Exercise prompt ▸
Here are some entries. Repeat all of them exactly.

Data section ▸
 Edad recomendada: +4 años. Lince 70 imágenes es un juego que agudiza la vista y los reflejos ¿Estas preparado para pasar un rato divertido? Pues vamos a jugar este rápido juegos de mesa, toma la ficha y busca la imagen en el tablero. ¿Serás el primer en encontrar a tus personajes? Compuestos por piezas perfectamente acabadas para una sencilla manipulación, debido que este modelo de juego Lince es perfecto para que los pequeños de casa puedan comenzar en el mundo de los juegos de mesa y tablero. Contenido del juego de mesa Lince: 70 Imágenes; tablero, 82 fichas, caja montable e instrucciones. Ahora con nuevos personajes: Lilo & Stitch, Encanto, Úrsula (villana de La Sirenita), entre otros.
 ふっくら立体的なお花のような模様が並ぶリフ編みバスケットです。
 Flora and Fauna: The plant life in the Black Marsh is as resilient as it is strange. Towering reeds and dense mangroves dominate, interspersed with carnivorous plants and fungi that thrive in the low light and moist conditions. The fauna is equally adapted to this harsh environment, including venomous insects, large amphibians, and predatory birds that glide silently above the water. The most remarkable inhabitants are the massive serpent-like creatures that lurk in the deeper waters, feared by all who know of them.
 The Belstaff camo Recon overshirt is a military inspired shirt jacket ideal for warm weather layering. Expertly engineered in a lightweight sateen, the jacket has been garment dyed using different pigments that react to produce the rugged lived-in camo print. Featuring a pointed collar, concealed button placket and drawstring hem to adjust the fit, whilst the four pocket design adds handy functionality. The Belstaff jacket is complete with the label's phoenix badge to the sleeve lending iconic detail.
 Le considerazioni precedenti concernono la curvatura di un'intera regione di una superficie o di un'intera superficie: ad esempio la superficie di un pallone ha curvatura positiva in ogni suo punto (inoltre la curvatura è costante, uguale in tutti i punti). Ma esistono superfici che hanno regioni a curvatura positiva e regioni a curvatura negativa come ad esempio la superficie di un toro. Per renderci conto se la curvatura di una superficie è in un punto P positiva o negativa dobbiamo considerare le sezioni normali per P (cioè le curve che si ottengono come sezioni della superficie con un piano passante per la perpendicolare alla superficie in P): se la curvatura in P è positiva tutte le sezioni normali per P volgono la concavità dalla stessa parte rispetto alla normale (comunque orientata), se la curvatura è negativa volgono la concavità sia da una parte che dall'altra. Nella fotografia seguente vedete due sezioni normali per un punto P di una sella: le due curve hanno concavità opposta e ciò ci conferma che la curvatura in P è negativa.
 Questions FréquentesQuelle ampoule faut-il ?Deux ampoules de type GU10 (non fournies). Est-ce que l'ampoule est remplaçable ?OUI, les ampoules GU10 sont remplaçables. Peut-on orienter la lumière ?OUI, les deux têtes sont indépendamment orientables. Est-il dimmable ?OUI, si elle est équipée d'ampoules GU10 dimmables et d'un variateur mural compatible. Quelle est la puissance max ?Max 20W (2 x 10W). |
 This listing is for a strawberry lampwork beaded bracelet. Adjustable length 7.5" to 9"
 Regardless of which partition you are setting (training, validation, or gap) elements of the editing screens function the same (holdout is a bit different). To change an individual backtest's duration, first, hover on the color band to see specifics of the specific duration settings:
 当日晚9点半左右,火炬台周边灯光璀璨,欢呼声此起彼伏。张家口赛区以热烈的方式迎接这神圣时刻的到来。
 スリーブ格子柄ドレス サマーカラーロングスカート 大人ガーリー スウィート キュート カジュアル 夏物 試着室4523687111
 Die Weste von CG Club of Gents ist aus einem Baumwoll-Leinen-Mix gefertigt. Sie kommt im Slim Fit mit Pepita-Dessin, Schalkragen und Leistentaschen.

Your solution ▸
 Edad recomendada: +4 años. Lince 70 imágenes es un juego que agudiza la vista y los reflejos ¿Estas preparado para pasar un rato divertido? Pues vamos a jugar este rápido juegos de mesa, toma la ficha y busca la imagen en el tablero. ¿Serás el primer en encontrar a tus personajes? Compuestos por piezas perfectamente acabadas para una sencilla manipulación, debido que este modelo de juego Lince es perfecto para que los pequeños de casa puedan comenzar en el mundo de los juegos de mesa y tablero. Contenido del juego de mesa Lince: 70 Imágenes; tablero, 82 fichas, caja montable e instrucciones. Ahora con nuevos personajes: Lilo & Stitch, Encanto, Úrsula (villana de La Sirenita), entre otros.
 ふっくら立体的なお花のような模様が並ぶリフ編みバスケットです。
 Flora and Fauna: The plant life in the Black Marsh is as resilient as it is strange. Towering reeds and dense mangroves dominate, interspersed with carnivorous plants and fungi that thrive in the low light and moist conditions. The fauna is equally adapted to this harsh environment, including venomous insects, large amphibians, and predatory birds that glide silently above the water. The most remarkable inhabitants are the massive serpent-like creatures that lurk in the deeper waters, feared by all who know of them.
 The Belstaff camo Recon overshirt is a military inspired shirt jacket ideal for warm weather layering. Expertly engineered in a lightweight sateen, the jacket has been garment dyed using different pigments that react to produce the rugged lived-in camo print. Featuring a pointed collar, concealed button placket and drawstring hem to adjust the fit, whilst the four pocket design adds handy functionality. The Belstaff jacket is complete with the label's phoenix badge to the sleeve lending iconic detail.
 Le considerazioni precedenti concernono la curvatura di un'intera regione di una superficie o di un'intera superficie: ad esempio la superficie di un pallone ha curvatura positiva in ogni suo punto (inoltre la curvatura è costante, uguale in tutti i punti). Ma esistono superfici che hanno regioni a curvatura positiva e regioni a curvatura negativa come ad esempio la superficie di un toro. Per renderci conto se la curvatura di una superficie è in un punto P positiva o negativa dobbiamo considerare le sezioni normali per P (cioè le curve che si ottengono come sezioni della superficie con un piano passante per la perpendicolare alla superficie in P): se la curvatura in P è positiva tutte le sezioni normali per P volgono la concavità dalla stessa parte rispetto alla normale (comunque orientata), se la curvatura è negativa volgono la concavità sia da una parte che dall'altra. Nella fotografia seguente vedete due sezioni normali per un punto P di una sella: le due curve hanno concavità opposta e ciò ci conferma che la curvatura in P è negativa.
 Questions FréquentesQuelle ampoule faut-il ?Deux ampoules de type GU10 (non fournies). Est-ce que l'ampoule est remplaçable ?OUI, les ampoules GU10 sont remplaçables. Peut-on orienter la lumière ?OUI, les deux têtes sont indépendamment orientables. Est-il dimmable ?OUI, si elle est équipée d'ampoules GU10 dimmables et d'un variateur mural compatible. Quelle est la puissance max ?Max 20W (2 x 10W). |
 This listing is for a strawberry lampwork beaded bracelet. Adjustable length 7.5" to 9"
 Regardless of which partition you are setting (training, validation, or gap) elements of the editing screens function the same (holdout is a bit different). To change an individual backtest's duration, first, hover on the color band to see specifics of the specific duration settings:
 当日晚9点半左右,火炬台周边灯光璀璨,欢呼声此起彼伏。张家口赛区以热烈的方式迎接这神圣时刻的到来。
 スリーブ格子柄ドレス サマーカラーロングスカート 大人ガーリー スウィート キュート カジュアル 夏物 試着室4523687111
 Die Weste von CG Club of Gents ist aus einem Baumwoll-Leinen-Mix gefertigt. Sie kommt im Slim Fit mit Pepita-Dessin, Schalkragen und Leistentaschen.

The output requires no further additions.